Según un nuevo estudio publicado en Annals of Neurology, las grasas monoinsaturadas, las grasas "buenas" que se encuentran en grandes cantidades en el aceite de oliva, se asociaron con una mejor función cognitiva y memoria, mientras que las grasas saturadas, las grasas dañinas que se encuentran en las grasas animales, como La mantequilla, se asoció con peor función cognitiva global y la memoria.

Investigadores de Brigham and Women's Hospital (BWH), una afiliada docente de la Escuela de Medicina de Harvard, analizaron datos del Women's Health Study, originalmente una cohorte de mujeres casi 40,000, de 45 y mayores. Los investigadores utilizaron datos de un subconjunto de mujeres 6,000, todas mayores de la edad de 65. Las mujeres participaron en tres pruebas de función cognitiva, que se espaciaron cada dos años para un período de prueba promedio de cuatro años. Estas mujeres también completaron un cuestionario detallado sobre la frecuencia de los alimentos al inicio del estudio.

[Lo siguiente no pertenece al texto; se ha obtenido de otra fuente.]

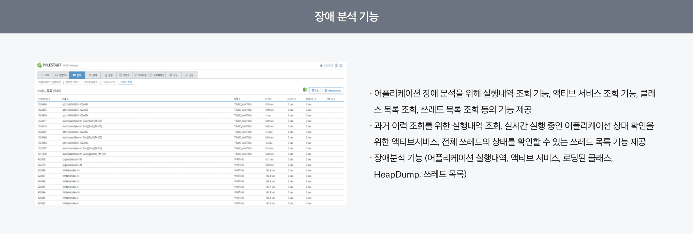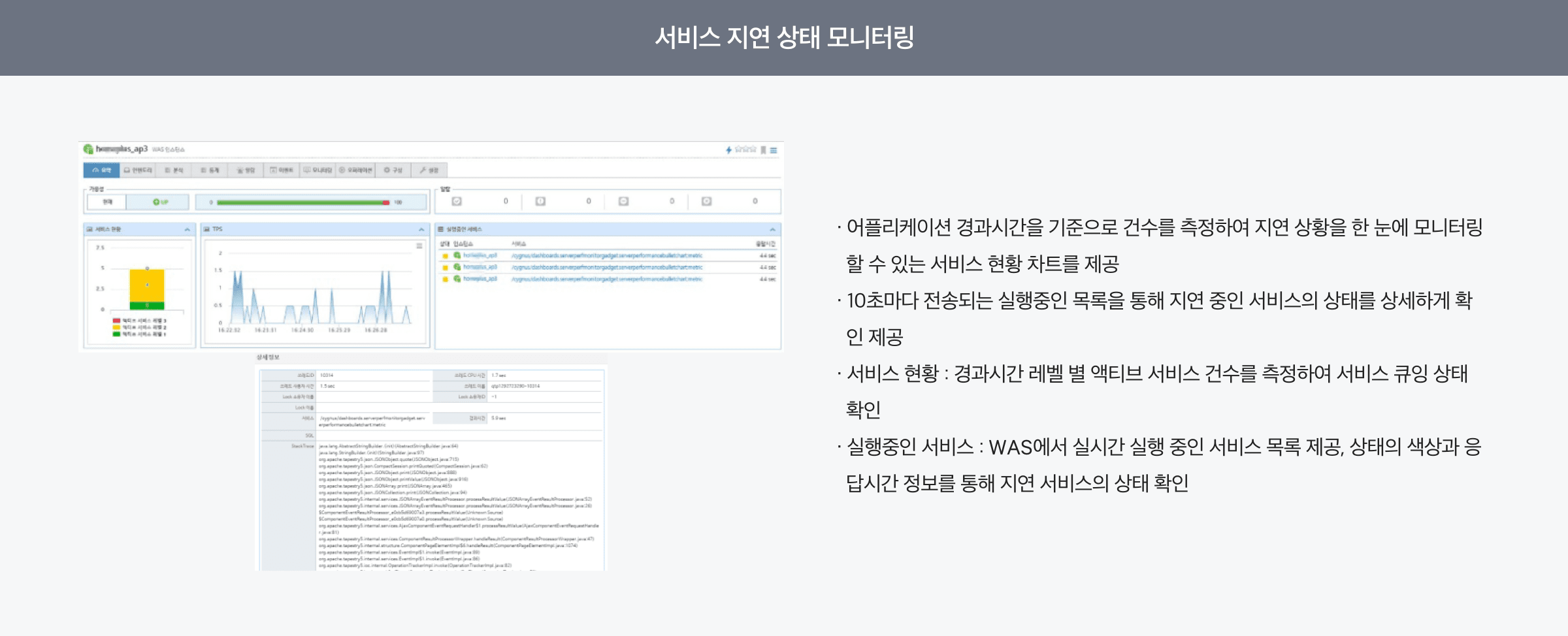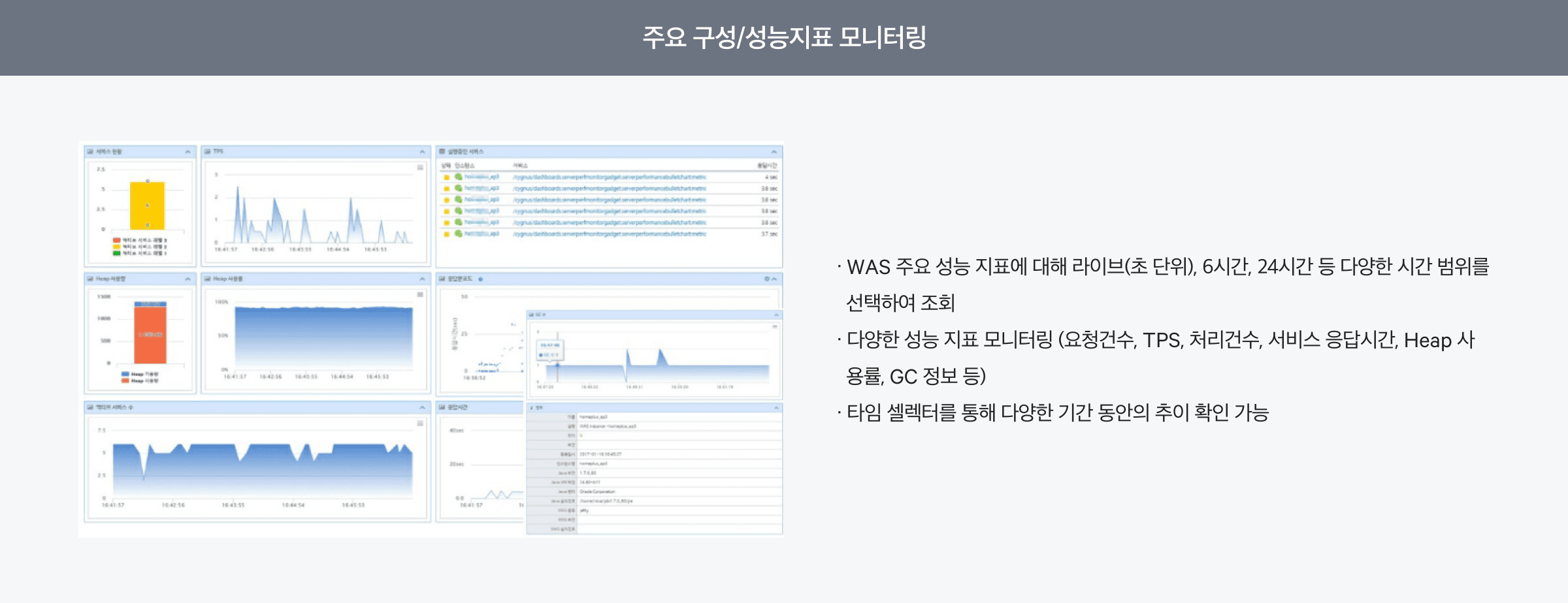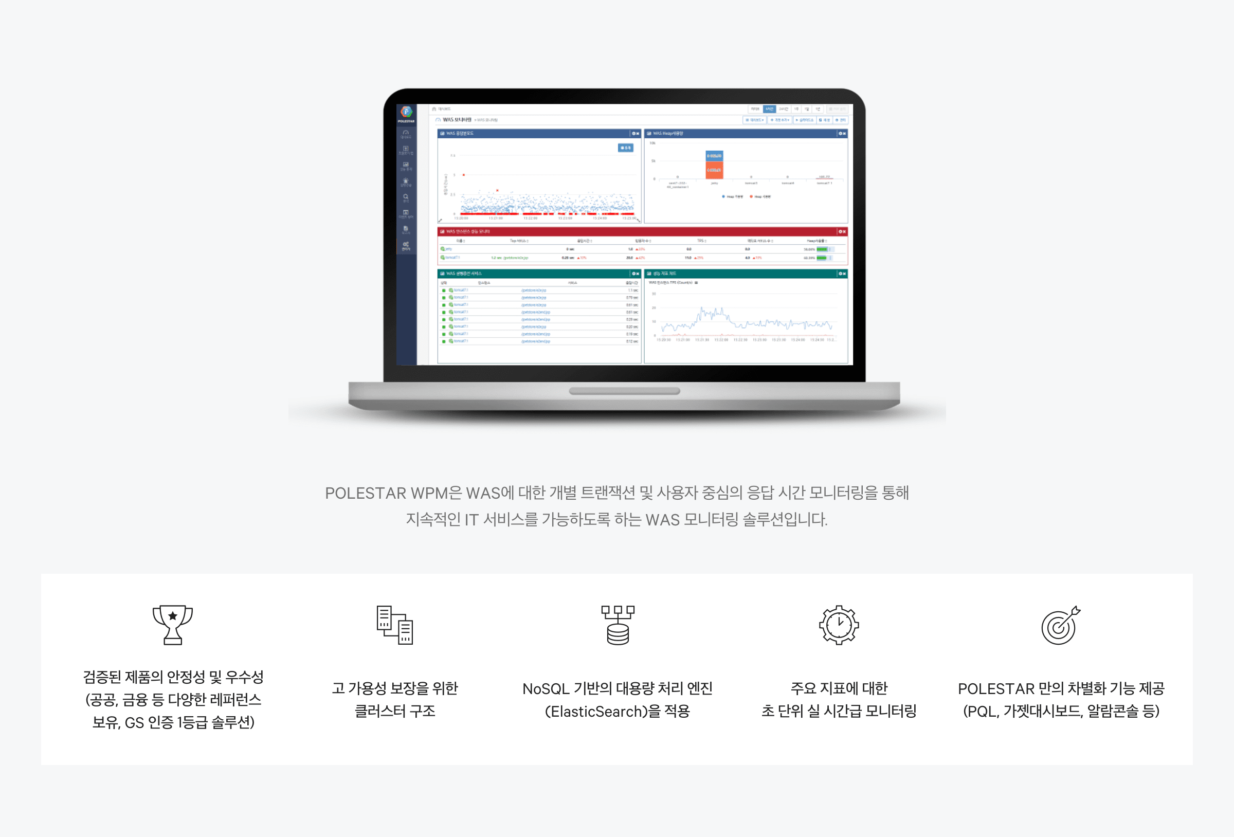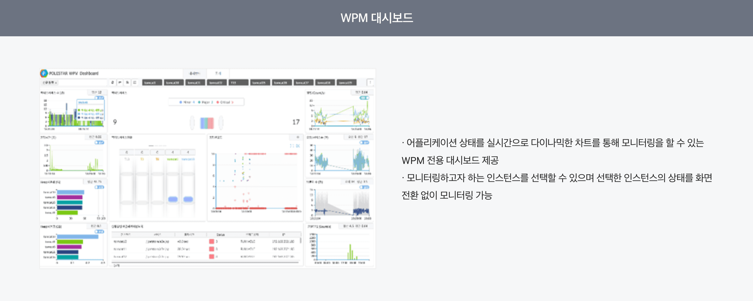 Polestar WPM은 다양한 WAS(JBoss, Tomcat, WebLogic, WebSphere, JEUS 등)에 대한 실시간 모니터링 및 구성, 성능, 장애, 이벤트, 통계/분석 및 대시보드 기능을 제공하며, 인프라 자원(서버,네트워크 등)을 연계한 통합관점의 WAS 성능 장애 모니터링 기능을 제공합니다. NW/DB/WAS/Web 서비스/ E2E/컨테이너/가상화/Public Cloud에 대한 모니터링 기능도 플러그인 방식으로 기능 추가가 가능한 종합 모니터링 솔루션입니다.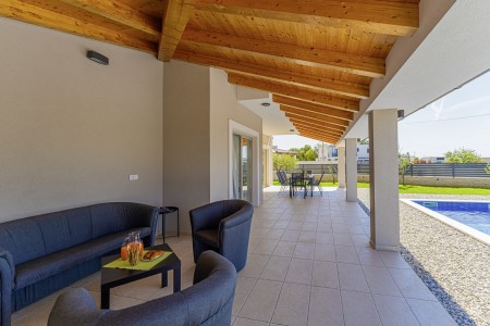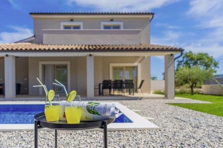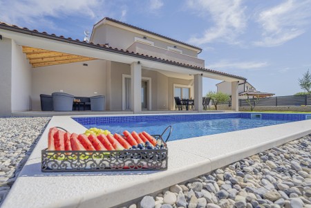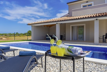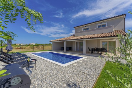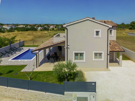 Moderna villa s tri spavaće sobe, nedavno dovršena, nalazi se nedaleko od sela Loborika, samo 7 km od Pule i 12 km od najbliže plaže. Kuća, kao i vrt s roštiljem, vanjskim tušem, ležaljkama i privatnim bazenom (3,8 x 8 m), stoje samo Vama na raspolaganju. Povijesni centar grada Pule udaljen je samo nekoliko minuta vožnje automobilom i svakako ga vrijedi posjetiti. Najpoznatiji spomenik i simbol grada je impresivna Arena, amfiteatar iz rimskog doba, koji se ne može samo razgledati, već se koristi i kao jedinstvena pozornica na otvorenom za koncerte i filmske priredbe.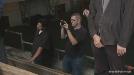 Игра любимой команды отменена. Куча мужиков в полутемноте заняли свои места и уже не знали чем себя занять - не домой же идти, ей богу. Но ничего, мужики всегда найдут чем себя развлечь, не зря же из игрушек у них есть хуй. Поглазеть игру приперся еще один 19-летний мальчишка, вытянувший короткую соломинку. Не планировал бедолага заниматься сексом, тем более в пассивной версии, но его просто заставили, привязав к деревянной опоре. Парня принудили сосать, дрочить руками за спиной чужие хуи, он получал по лицу и яйцам болезненные удары, потом его высвободили, оставив петлю на шее и оттрахали кучей людей в задницу. Единый букет разнесся по всем организмам. В финале невезучему закончали лицо и рот.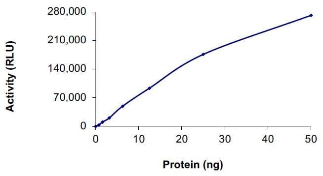 Recombinant human EGFR protein (Active) is a Human Fragment protein, in the 668 to 1210 aa range, expressed in Baculovirus infected Sf9, with >70% purity and suitable for SDS-PAGE, FuncS.

Los investigadores encontraron que aunque la grasa total no parecía afectar la función cognitiva, el tipo de grasa sí lo hizo. Las mujeres que consumieron las cantidades más altas de grasa saturada, en comparación con las que consumieron las cantidades más bajas, tuvieron peor cognición y memoria en general. Las mujeres que consumieron la mayoría de las grasas monoinsaturadas, que se pueden encontrar en el aceite de oliva, tuvieron mejores patrones de puntajes cognitivos con el tiempo.

"Sustituir la grasa buena en lugar de la grasa mala es una modificación dietética bastante simple que podría ayudar a prevenir el deterioro de la memoria", señaló Olivia Okereke de Harvard.